_The task_
Take the material below and output exactly the run of lines from the one containing "Not a recognizable" down to the one containing "чердак кровать 90*200", with both included.

═════ Records to use

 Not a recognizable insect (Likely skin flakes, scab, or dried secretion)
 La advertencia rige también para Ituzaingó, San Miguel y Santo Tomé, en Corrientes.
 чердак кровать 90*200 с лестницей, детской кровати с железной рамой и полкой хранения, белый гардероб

══════════
═════ Records to use

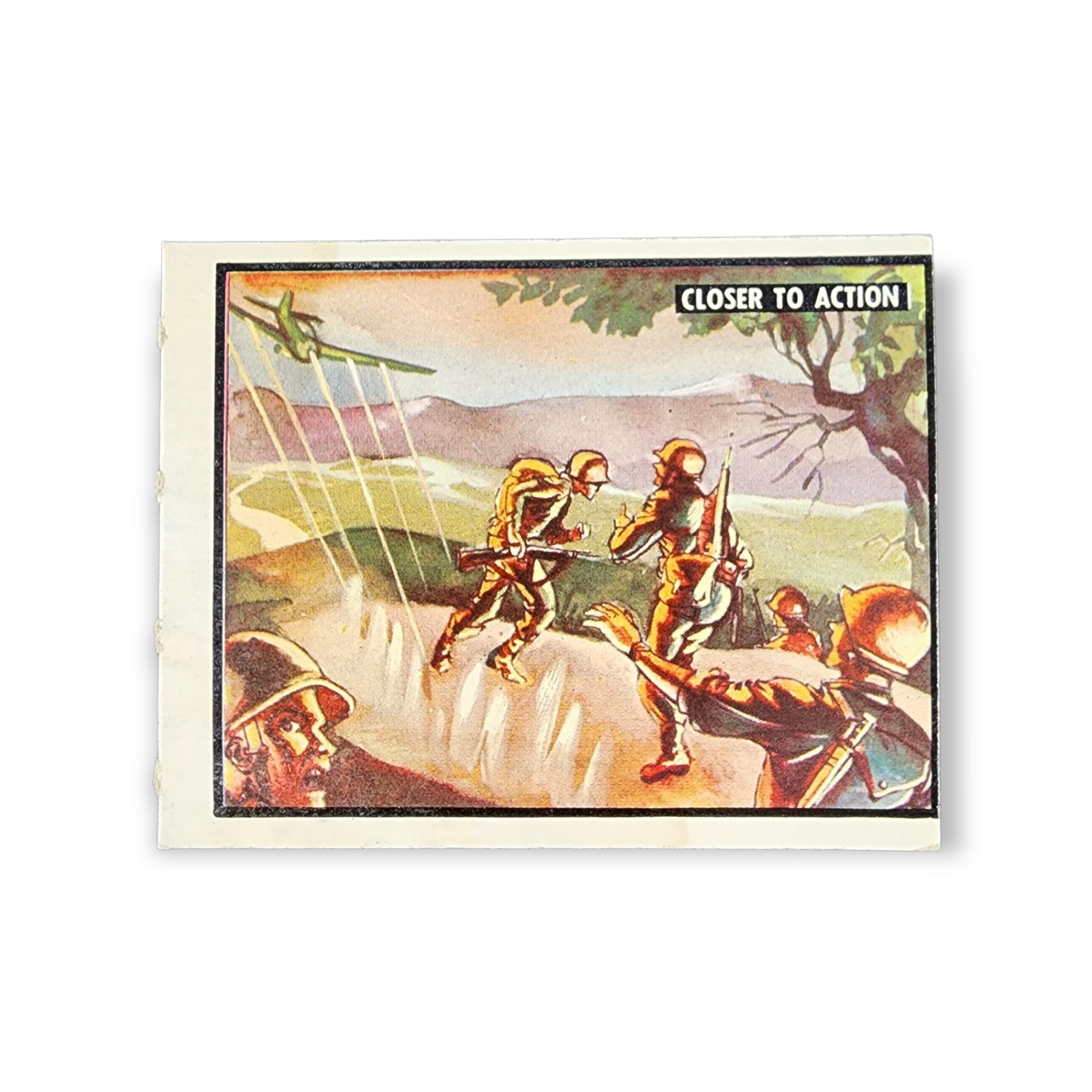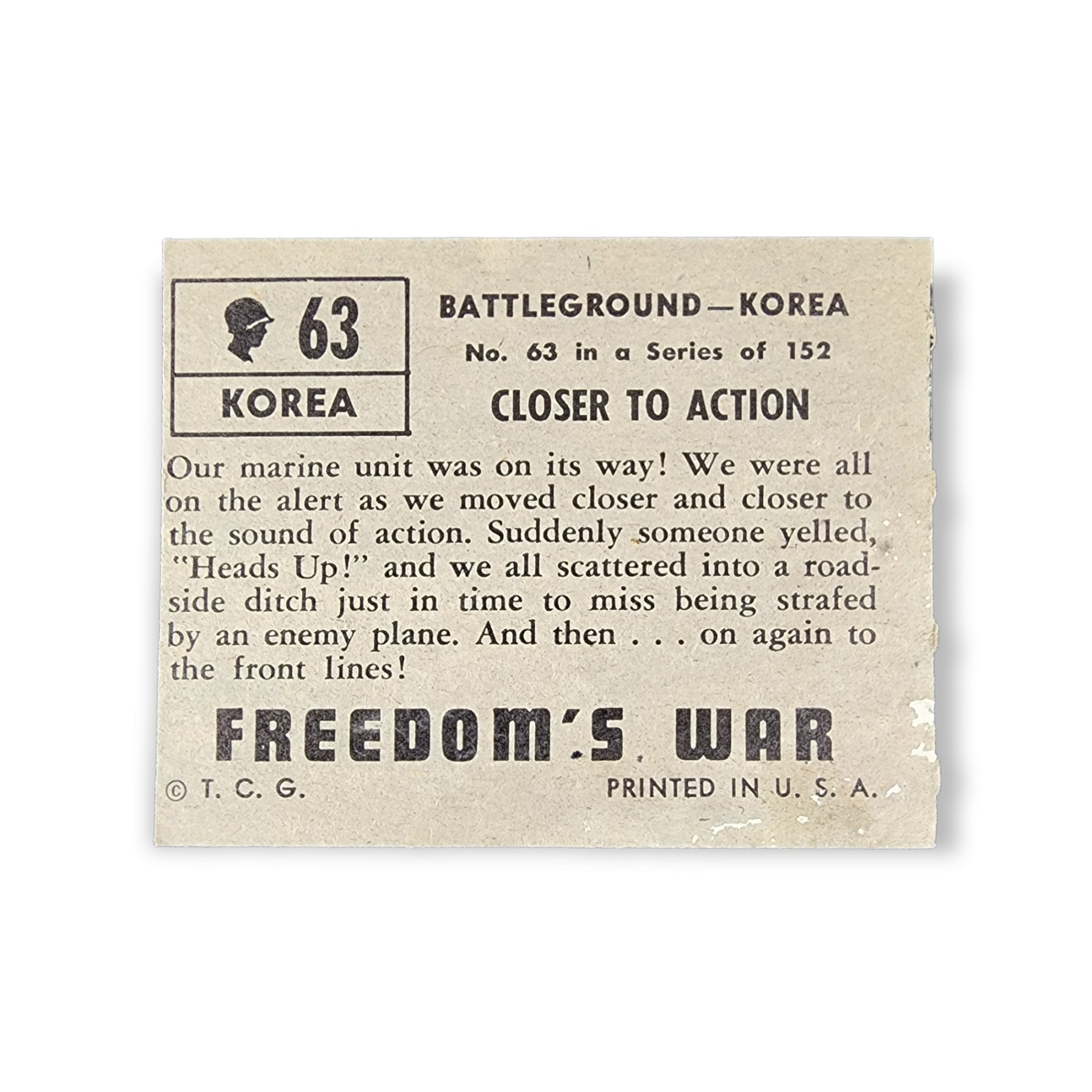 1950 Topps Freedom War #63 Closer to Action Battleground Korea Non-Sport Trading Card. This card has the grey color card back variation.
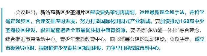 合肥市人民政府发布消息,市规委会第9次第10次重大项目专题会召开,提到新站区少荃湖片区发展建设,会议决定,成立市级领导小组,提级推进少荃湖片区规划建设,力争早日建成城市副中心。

══════════

_Result for this exercise_
 Not a recognizable insect (Likely skin flakes, scab, or dried secretion)
 La advertencia rige también para Ituzaingó, San Miguel y Santo Tomé, en Corrientes.
 чердак кровать 90*200 с лестницей, детской кровати с железной рамой и полкой хранения, белый гардероб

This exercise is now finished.